Provided records
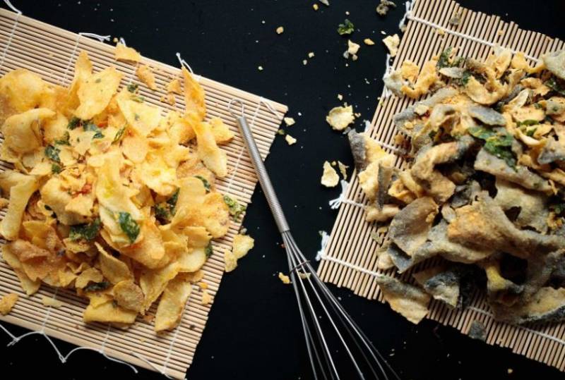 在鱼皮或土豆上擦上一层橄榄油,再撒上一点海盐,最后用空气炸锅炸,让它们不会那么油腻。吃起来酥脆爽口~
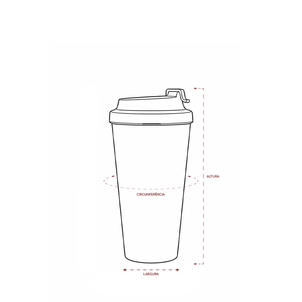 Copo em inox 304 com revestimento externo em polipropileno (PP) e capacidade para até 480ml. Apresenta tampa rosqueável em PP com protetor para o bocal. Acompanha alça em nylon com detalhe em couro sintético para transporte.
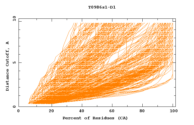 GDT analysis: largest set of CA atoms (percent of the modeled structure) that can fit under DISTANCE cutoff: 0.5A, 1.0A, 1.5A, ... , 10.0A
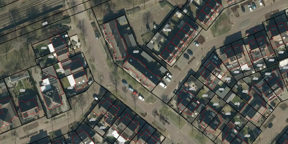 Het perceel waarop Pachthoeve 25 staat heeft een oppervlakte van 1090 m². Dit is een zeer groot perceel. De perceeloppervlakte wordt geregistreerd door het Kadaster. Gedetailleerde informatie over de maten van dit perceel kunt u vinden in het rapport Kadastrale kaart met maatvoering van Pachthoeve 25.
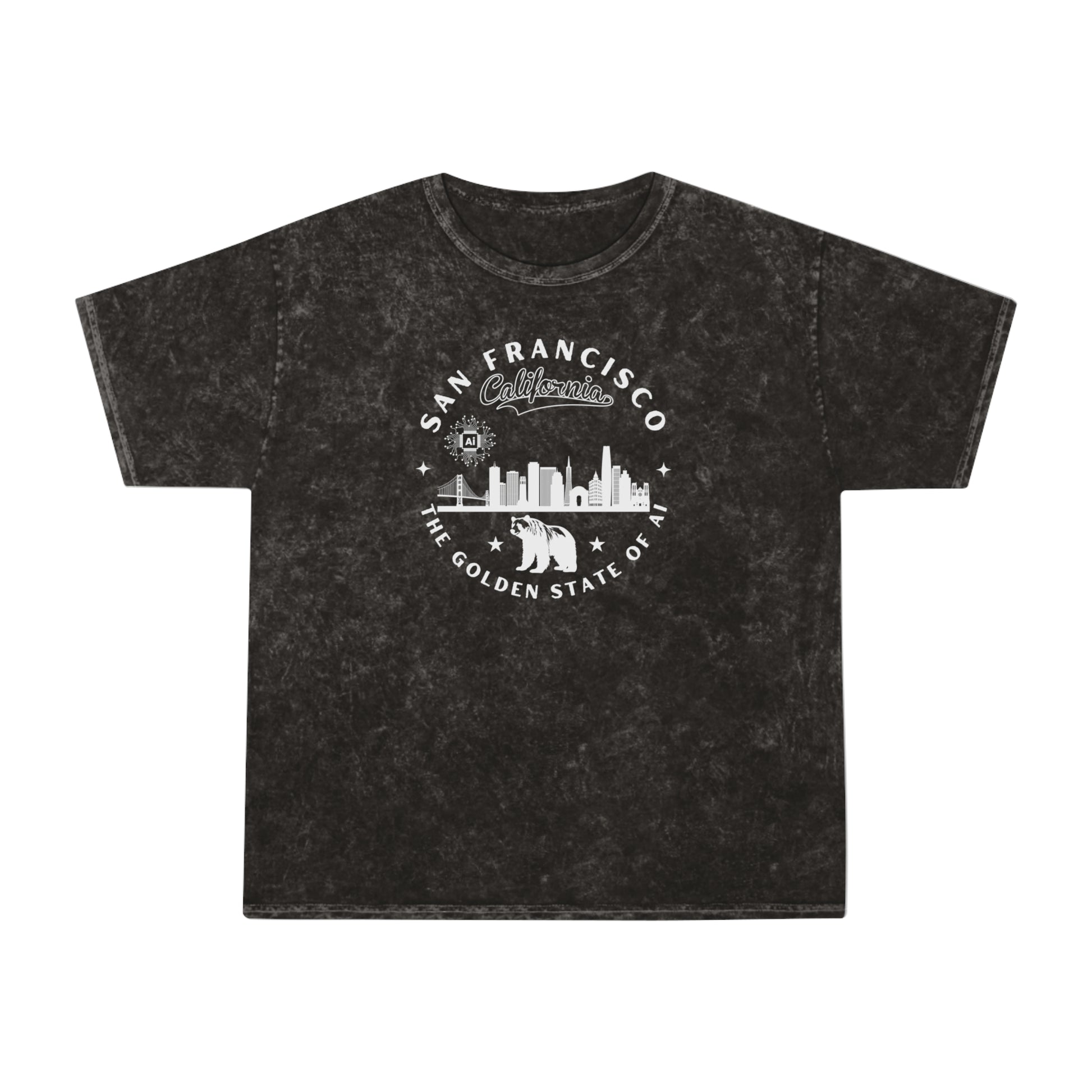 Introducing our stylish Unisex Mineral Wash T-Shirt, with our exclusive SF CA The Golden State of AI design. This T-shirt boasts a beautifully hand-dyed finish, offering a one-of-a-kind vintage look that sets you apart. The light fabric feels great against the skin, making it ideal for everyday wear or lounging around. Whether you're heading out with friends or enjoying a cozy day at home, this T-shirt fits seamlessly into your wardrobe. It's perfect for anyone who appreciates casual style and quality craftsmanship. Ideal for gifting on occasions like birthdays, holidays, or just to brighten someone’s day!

Your assignment
Please repeat exactly the data above from its first line to the line that contains "Het perceel waarop", inclusive, and leave every picture out.

Answer below
 在鱼皮或土豆上擦上一层橄榄油,再撒上一点海盐,最后用空气炸锅炸,让它们不会那么油腻。吃起来酥脆爽口~
 Copo em inox 304 com revestimento externo em polipropileno (PP) e capacidade para até 480ml. Apresenta tampa rosqueável em PP com protetor para o bocal. Acompanha alça em nylon com detalhe em couro sintético para transporte.
 GDT analysis: largest set of CA atoms (percent of the modeled structure) that can fit under DISTANCE cutoff: 0.5A, 1.0A, 1.5A, ... , 10.0A
 Het perceel waarop Pachthoeve 25 staat heeft een oppervlakte van 1090 m². Dit is een zeer groot perceel. De perceeloppervlakte wordt geregistreerd door het Kadaster. Gedetailleerde informatie over de maten van dit perceel kunt u vinden in het rapport Kadastrale kaart met maatvoering van Pachthoeve 25.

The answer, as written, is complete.